7.2 The Customer must provide to ZSL, or procure for ZSL, such access to the Customer’s computer hardware, software, networks and systems as may be reasonably required by ZSL to enable ZSL to perform its obligations under the Agreement.
8.1 The Customer hereby grants to ZSL a non-exclusive licence to copy, reproduce, store, distribute, publish, export, adapt, edit and translate the Customer Data to the extent reasonably required for the performance of ZSL’s obligations and the exercise of ZSL’s rights under the Agreement.
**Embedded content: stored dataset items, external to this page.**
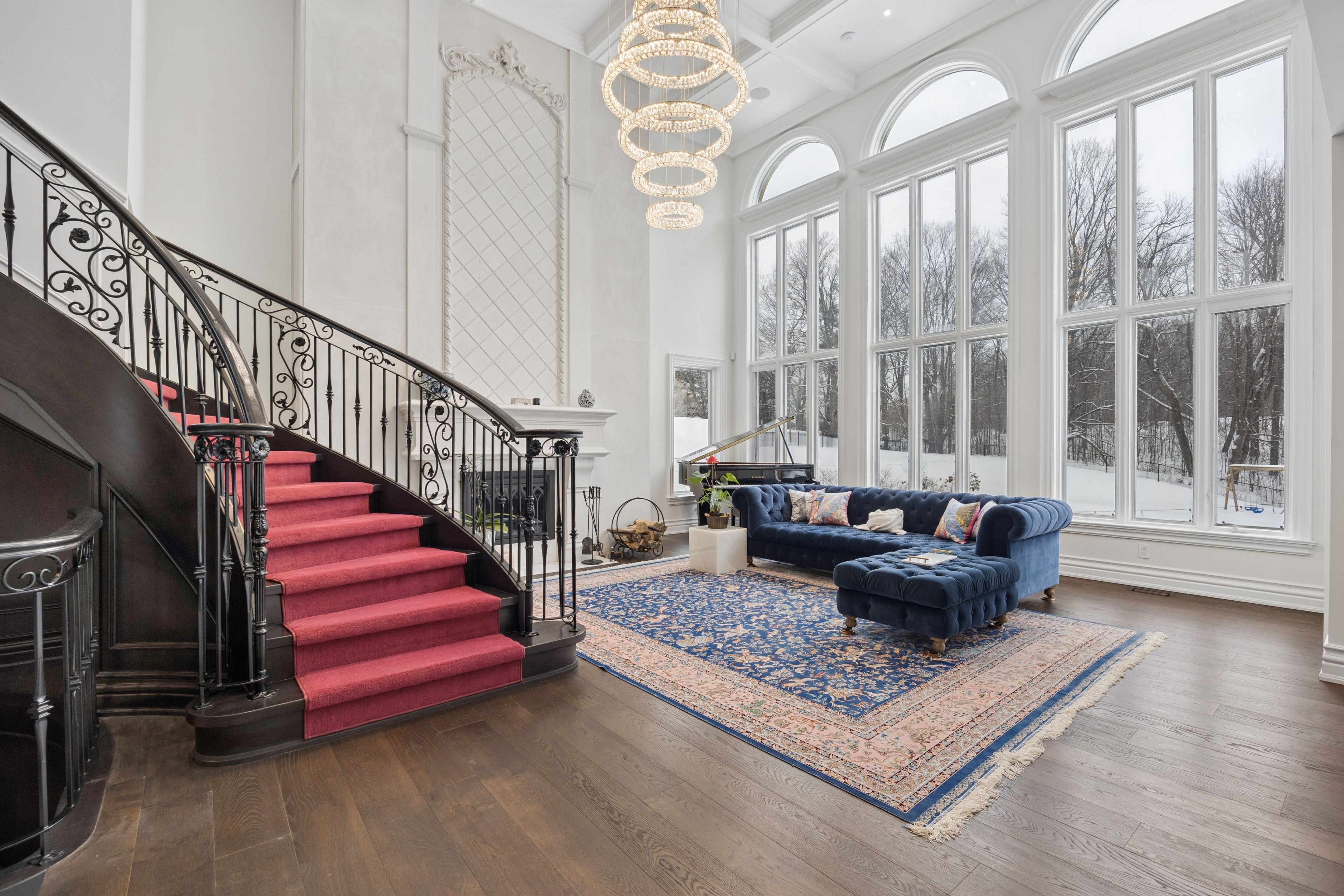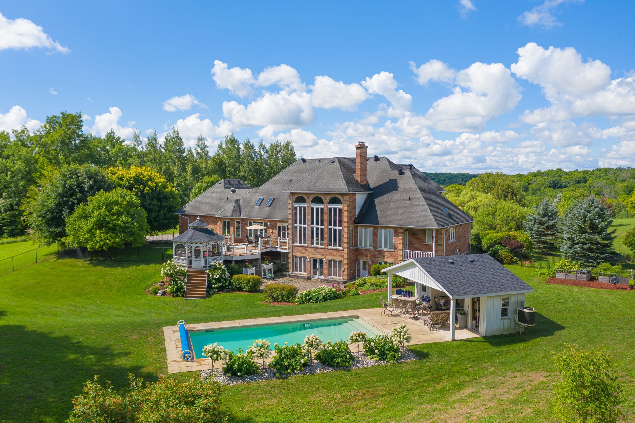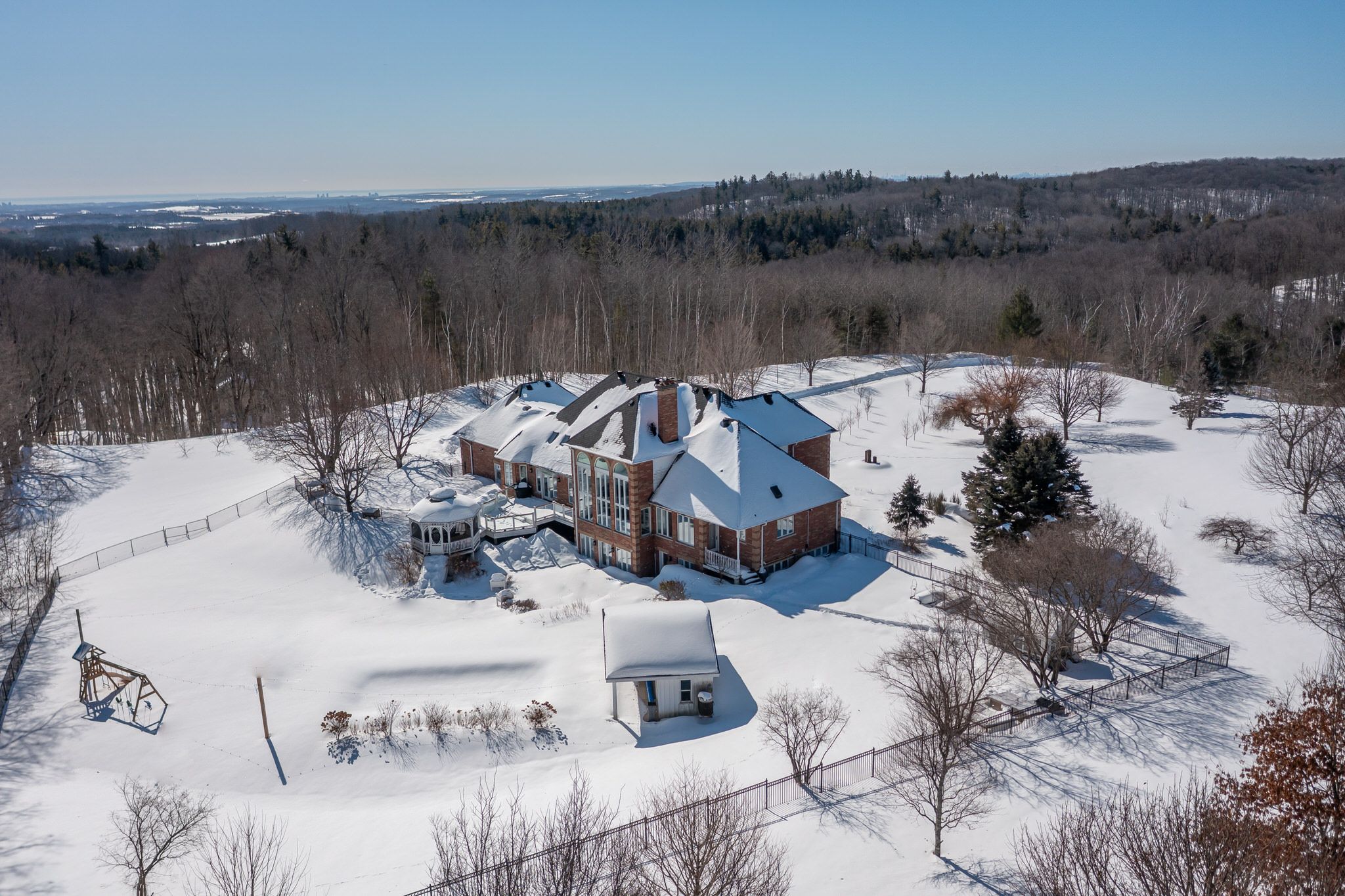 A rare offering in sought-after glen major, this nearly 22-acre private estate blends luxury w/ protected forest & rolling fields, just minutes to trails, golf, ski resorts & daily amenities. A winding tree-lined drive leads to the hilltop residence, extensively redesigned and renovated. Custom exterior detailing and arched mahogany double doors open to a dramatic great room with 18-ft coffered ceilings, statement lighting, floor-to-ceiling windows, and a soaring cast stone fireplace. Mahogany hdwd and rich millwork elevate the main level. The chef's kitchen features a stunning 60" wolf dual oven range and cabinet matched dacor fridge & freezer as well as premium miele dw, microwave-oven & cappuccino maker, custom cabinetry, an oversized island and walkout to a deck & gazebo. A hidden pantry connects to the formal dining room overlooking the fire & water feature and cherry blossoms. A private office offers wood paneling, coffered ceiling, and built-ins. The primary suite is a retreat with fireplace, w/o to the grounds, dressing room, and a 6-pc spa-inspired ensuite with dual steam shower and smart toilet. Upstairs offers spacious bedrooms with walk-ins, renovated baths, and a custom dressing room. The finished w/o lower level includes a self-contained one-bedroom suite with private entrance, kitchen, and 4-pc bath, ideal for in-laws or multi-generational living. A rec-room with fireplace and wall-to-wall windows, games room, glass-enclosed gym, and theatre complete the space. A separate two-car garage with office/bonus room, kitchenette and 3-pc bath adds flexibility. Resort-style grounds feature an inground pool with deck jets, cabana, orchards, landscape lighting, and 24kw generac generator. Smart home integration with control4 & upgraded hvac systems complete the home. Enjoy true privacy just minutes to uxbridge amenities and approximately 12 minutes to the 407. An exceptional opportunity to own a private retreat without compromising convenience. Welcome home!
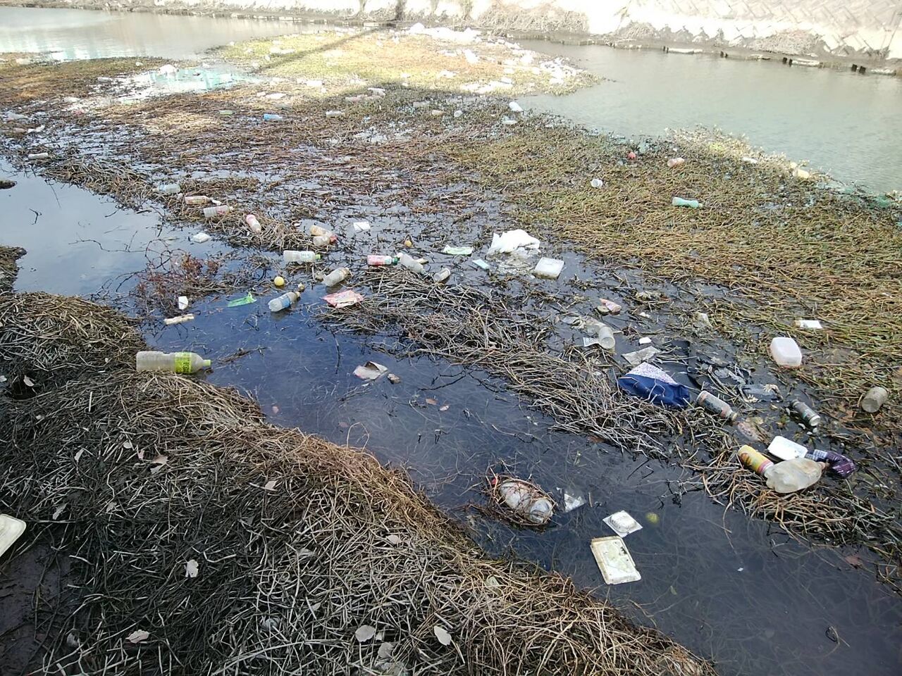 その上にポイ捨てされたペットボトルなどのごみが一杯だった。
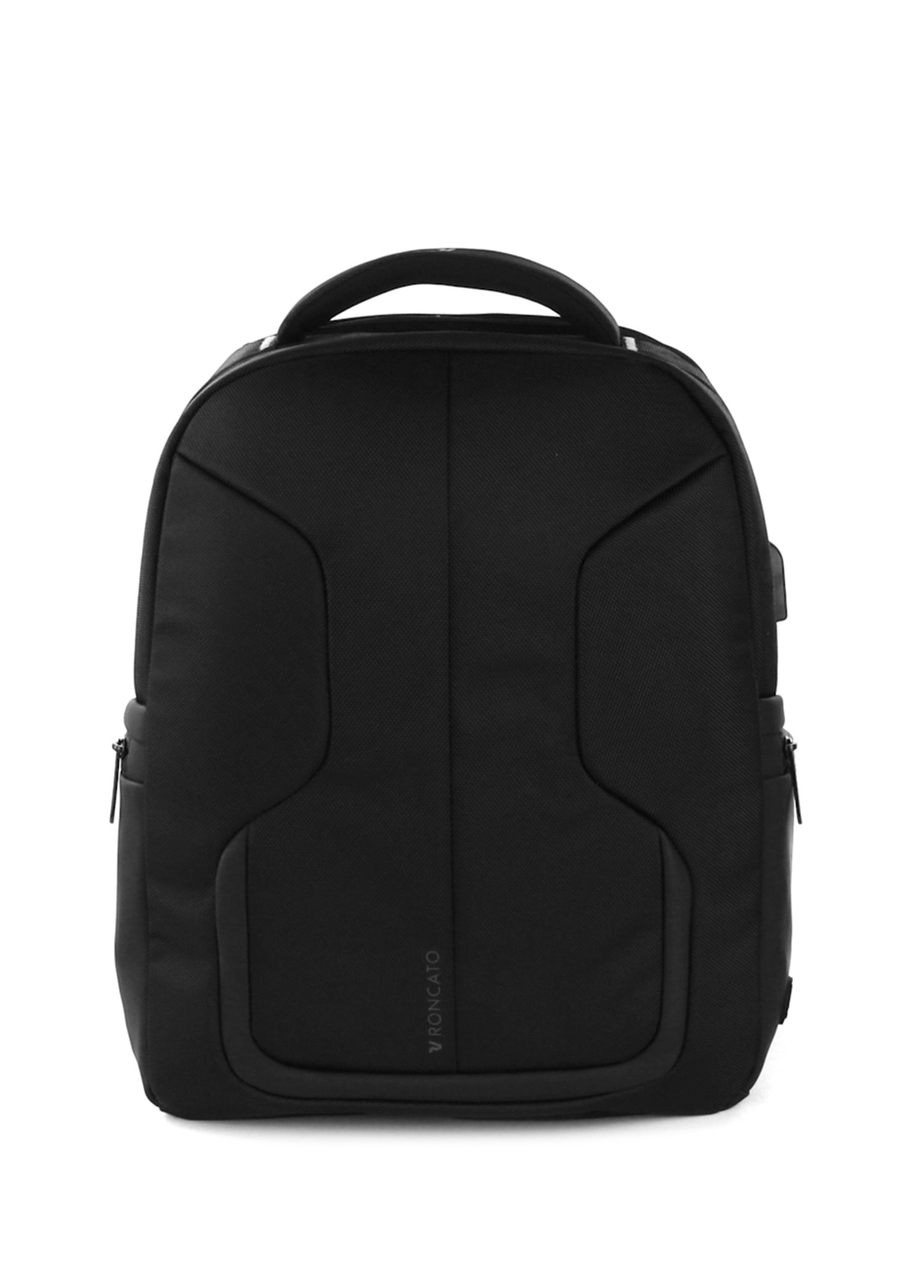 It has a USB port. You can place it under your seat on the plane. 40 x 33 x 16 cm. Holder for 14″ Laptop and 10″ Tablet.
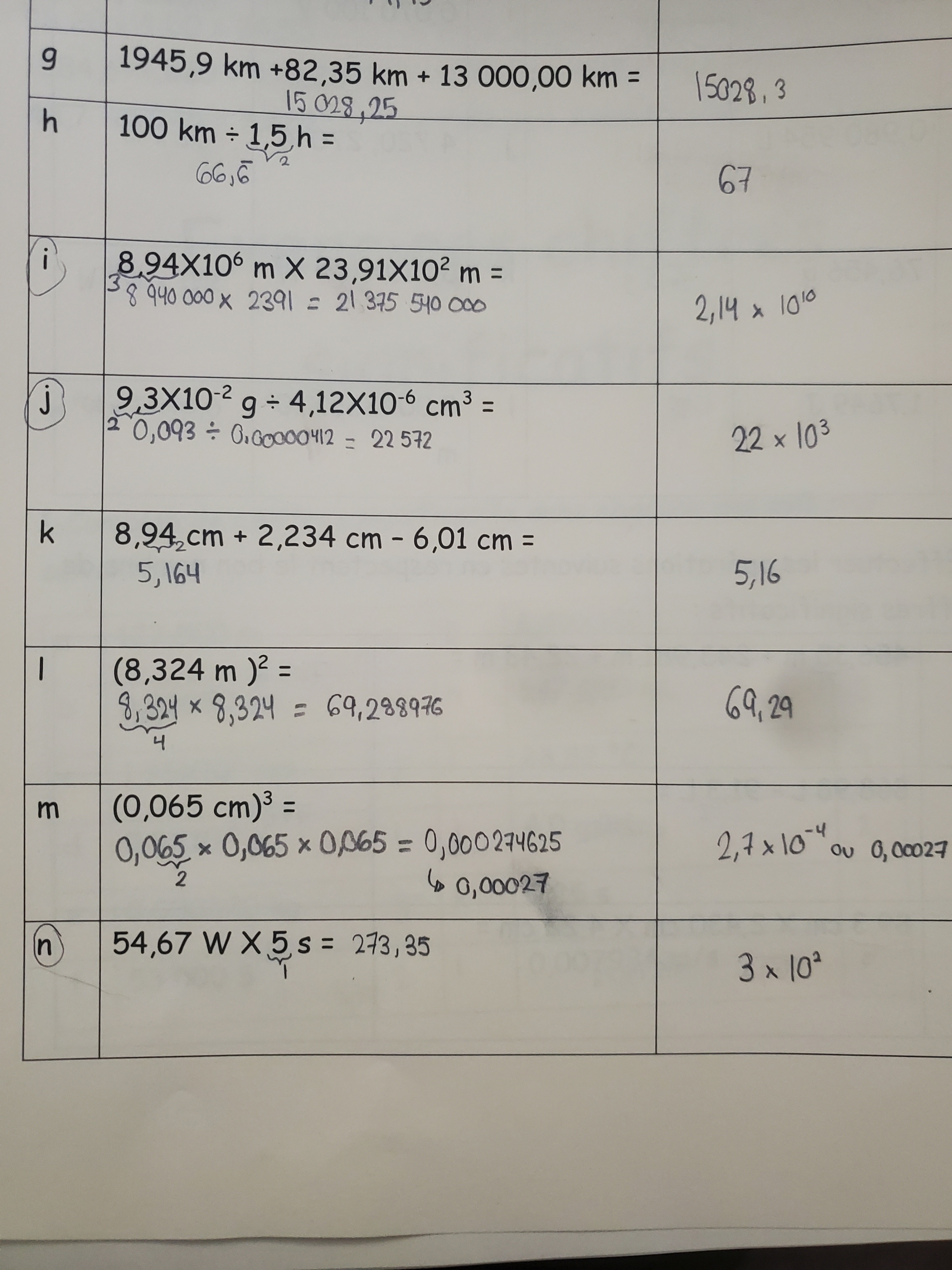 Il faut effectuer les opérations suivantes en respectant le bon nombre de chiffres significatifs
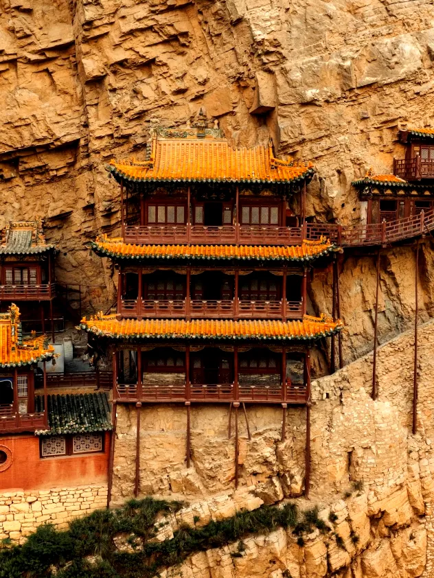 云冈石窟的露天大佛眉眼慈悲,华严寺的辽代彩塑庄严灵动,悬空寺挂在悬崖峭壁上,走上去步步惊心却忍不住惊叹古人智慧。
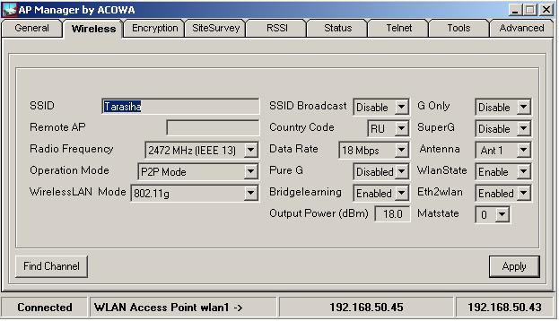Atrides-1 Posted May 8, 2008 Posted May 8, 2008 Поставьте режим на обоих точках 802.11g only G super G disable pure G disable data rate BEST Уровень шума у вас какой в канале? Вставить ник Quote
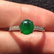 13-6-5寸冰种阳绿蛋面 缅甸天然翡翠戒指
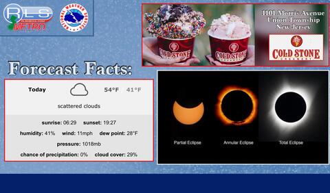 As the community awaits a total eclipse set for Monday, the National Weather Service reports mostly clear skies and a light breeze to start the day, providing an ideal backdrop for the celestial spectacle.
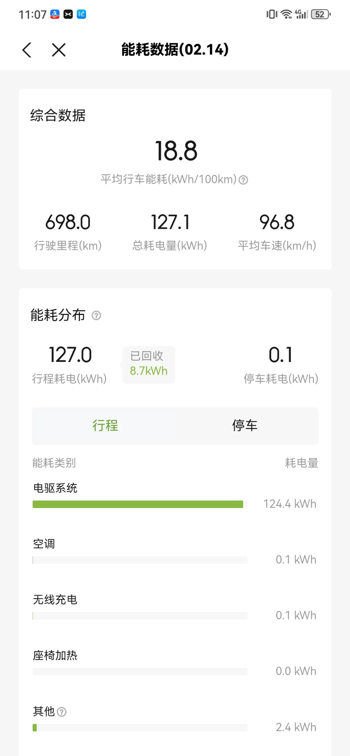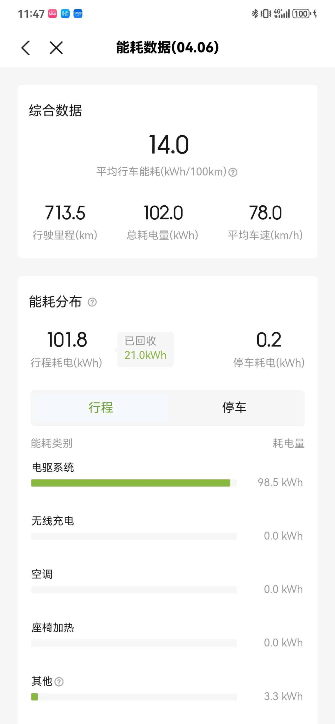 清明节又跑了次长途,往返1400多公里,因车多,平均车速比上次降低了,电耗也降低,但高速续航达成率感觉提升不明显。
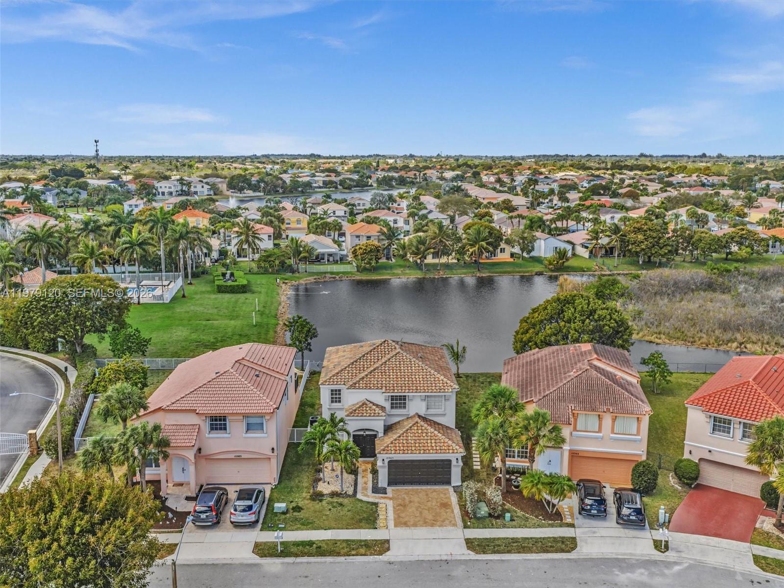 Beautiful lakefront residence located in the gated community of Canary Bay at Towngate in Pembroke Pines. This spacious home features 4 bedrooms, 2 full bathrooms, and 1 half bath with a bright and functional split floor plan. Enjoy spectacular lake views from all the main social areas of the home. The updated open kitchen features a breakfast nook and connects seamlessly to the living spaces, creating a comfortable setting for everyday living and entertaining. The first floor showcases tile flooring throughout, while the second floor features laminate flooring. The generously sized primary suite offers stunning lake views and his & hers walk-in closets, along with a large primary bathroom featuring dual vanities, a soaking tub, and an updated shower. The spacious fully fenced patio overlooks the lake, providing the perfect setting to relax and enjoy the South Florida lifestyle. Available for immediate occupancy. Canary Bay at Towngate is a gated community in West Pembroke Pines known for its family-friendly atmosphere and resort-style amenities, including a clubhouse, fitness center, tennis courts, and community pool for residents to enjoy. Ideally located near I-75, residents have convenient access to shopping, dining, parks, and top-rated schools. Don't miss this opportunity, this property won't last!
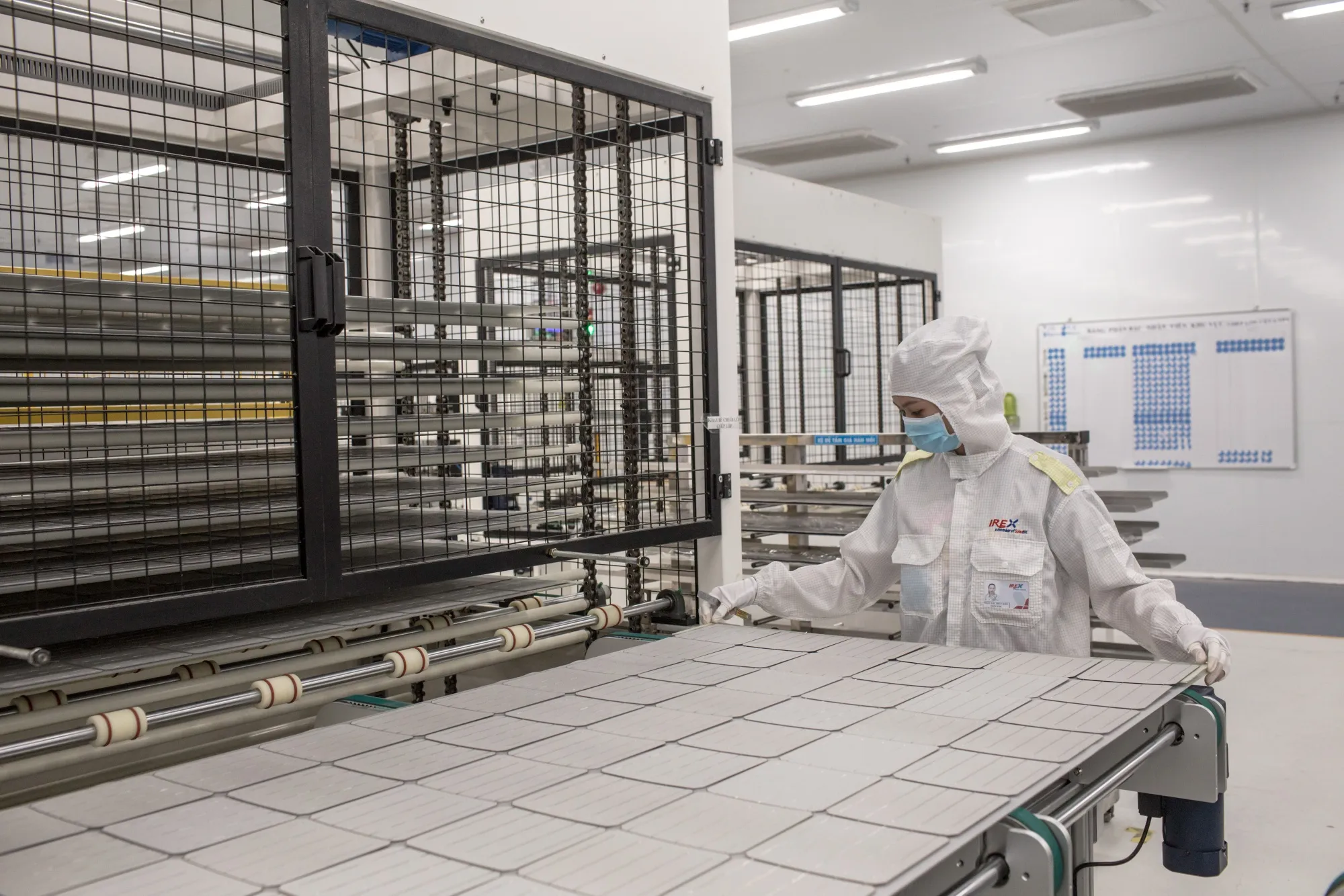 越南頭頓市某製造工廠,一名工人正在處理光伏電池。

The Customer also grants to ZSL the right to sub-license these rights to its hosting, connectivity and telecommunications service providers, subject to any express restrictions elsewhere in the Agreement.
8.2 The Customer warrants to ZSL that the Customer Data when used by ZSL in accordance with the Agreement will not infringe the Intellectual Property Rights or other legal rights of any person, and will not breach the provisions of any law, statute or regulation, in any jurisdiction and under any applicable law.
8.3 ZSL shall create a back-up copy of the Customer Data at least daily, shall ensure that each such copy is sufficient to enable ZSL to restore the Hosted Services to the state they were in at the time the back-up was taken, and shall retain and securely store each such copy for a minimum period of 14 days.
8.4 Following receipt of a written request from the Customer. ZSL shall use reasonable endeavours to restore to the Platform the Customer Data stored. The Customer acknowledges that this process will overwrite the Customer Data stored on the Platform prior to the restoration.
Integrations with Third Party Services
9.1 ZSL may integrate the Hosted Services with any Third Party Services at any time.
9.2 Notwithstanding the presence of any Third Party Services integration, particular Third Party Services shall only be activated with respect to the Hosted Services account of the Customer by:
(a) the Customer; or
(b) ZSL with the prior written agreement of the Customer.
9.3 ZSL shall use reasonable endeavours to maintain any integration with Third Party Services that has been activated with respect to the Hosted Services account of the Customer. Subject to this, ZSL may remove, suspend, deactivate or limit any Third Party Services integration at any time in its sole discretion.
9.4 The supply of Third Party Services shall be under a separate contract or arrangement between the Customer and the relevant third party. ZSL does not contract to supply the Third Party Services and is not a party to any contract for, or otherwise responsible in respect of, the provision of any Third Party Services. Fees may be payable by the Customer to the relevant third party in respect of the use of Third Party Services.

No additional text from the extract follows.